Cardiac biomarkers—brain natriuretic peptide

B-type natriuretic peptide (BNP) and N-terminal-proBNP (NT-proBNP) are secreted by cardiac myocytes in response to hemodynamic stress and other non-cardiovascular stimuli,109,110 and are involved in diuresis, natriuresis, and systemic vasodilation.110 In a study of post-MI patients with very high rates of β-blocker utilization (97%), BNP measured before hospital discharge was independently associated with sudden death even after adjusting for LVEF and New York Heart Association (NYHA) functional class [patients in the highest quartile of BNP had an adjusted HR of 3.4 (p = 0.037) for sudden death as compared with other patients]. Notably, the adjusted HR for sudden death was similar for LVEF < 30% (adjusted HR: 3.7; p = 0.047). A BNP value in the highest quartile had a specificity of 75.8% and a sensitivity of 53.3% for sudden death, with a low positive predictive value of 6.2% and a high negative predictive value of 98.2%. Importantly, although LVEF < 30% was also associated with a similar risk of non-sudden cardiac death (adjusted HR: 3.5; p = 0.025), BNP had no association with non-sudden cardiac death.111 BNP levels have been shown to be strong, independent predictors of sudden death in other study populations, including post-MI and non-ischemic causes of heart failure as well.112

In a small study in which NT-proBNP was assessed prior to ICD implantation in patients with MI and LVEF ≤ 30%, a NT-proBNP level > 2,536 pg/ml was independently associated with appropriate ICD therapies for ventricular arrhythmias over one year of follow-up [RR: 7.7; (p = 0.024)], even after adjustment for LVEF, NYHA functional class, and multiple other covariates.113 In another retrospective study evaluating the associations between BNP, ventricular arrhythmias, and total mortality in ICD recipients, elevated BNP and NT-proBNP levels were independently associated with appropriate ICD therapies for ventricular arrhythmias, and the risk of arrhythmia significantly exceeded the risk for total mortality.114 Multiple other studies have linked elevated BNP levels post-MI to other adverse cardiovascular factors, such as total mortality and clinical heart failure.115117

Whether the association between BNP, arrhythmias, and sudden death is related to adverse hemodynamic factors, ventricular remodeling, and/or other factors that promote arrhythmogenesis is unclear at this point in time.
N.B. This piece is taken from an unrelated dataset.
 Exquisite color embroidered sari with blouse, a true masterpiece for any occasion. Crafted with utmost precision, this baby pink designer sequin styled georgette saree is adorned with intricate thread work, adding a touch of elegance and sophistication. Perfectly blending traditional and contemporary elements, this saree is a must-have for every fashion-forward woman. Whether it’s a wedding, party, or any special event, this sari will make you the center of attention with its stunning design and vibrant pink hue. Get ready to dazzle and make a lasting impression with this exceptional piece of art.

Like many other potential risk stratification tools, natriuretic peptides require prospective evaluation for risk stratification post-MI before they can be adopted into routine clinical practice.
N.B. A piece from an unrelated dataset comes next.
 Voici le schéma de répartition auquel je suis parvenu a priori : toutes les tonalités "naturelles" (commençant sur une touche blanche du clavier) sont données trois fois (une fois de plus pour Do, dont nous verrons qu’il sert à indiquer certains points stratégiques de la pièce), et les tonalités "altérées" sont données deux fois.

Timing of risk stratification post-myocardial infarction

The optimal time to perform risk stratification testing after MI is currently unanswered, but studies have suggested that risk stratification in the early period after MI is less useful than risk stratification performed later on. This was demonstrated in the REFINE study, where HRT, BRS, and TWA assessed at two to four weeks after MI had no association with subsequent outcomes, while later, assessments of these parameters at 10 to 14 weeks were associated with cardiac death or cardiac arrest.71 This result is not necessarily surprising, as myocardial remodeling after infarction takes time, and acute derangements in the cardiovascular system post-MI, including the degree of left ventricular systolic dysfunction, can change/improve over time. The increasing proportion of non-arrhythmic sudden death in the early post-MI period (due to complications such as free wall rupture) also likely influences this observation. Studies that investigated the utility of primary prevention ICD implantation in patients within the first 40 days after MI have similarly demonstrated no mortality benefit with regards to ICD implantation, even in the setting of other abnormal non-invasive testing.118,119 A multicenter, prospective, randomized control trial, PROTECT-ICD, investigating the utility of EPS-guided ICD implantation within the first 40 days after MI is currently underway.63 Our understanding of the optimal timing for invasive and non-invasive risk stratification testing will likely continue to evolve over time.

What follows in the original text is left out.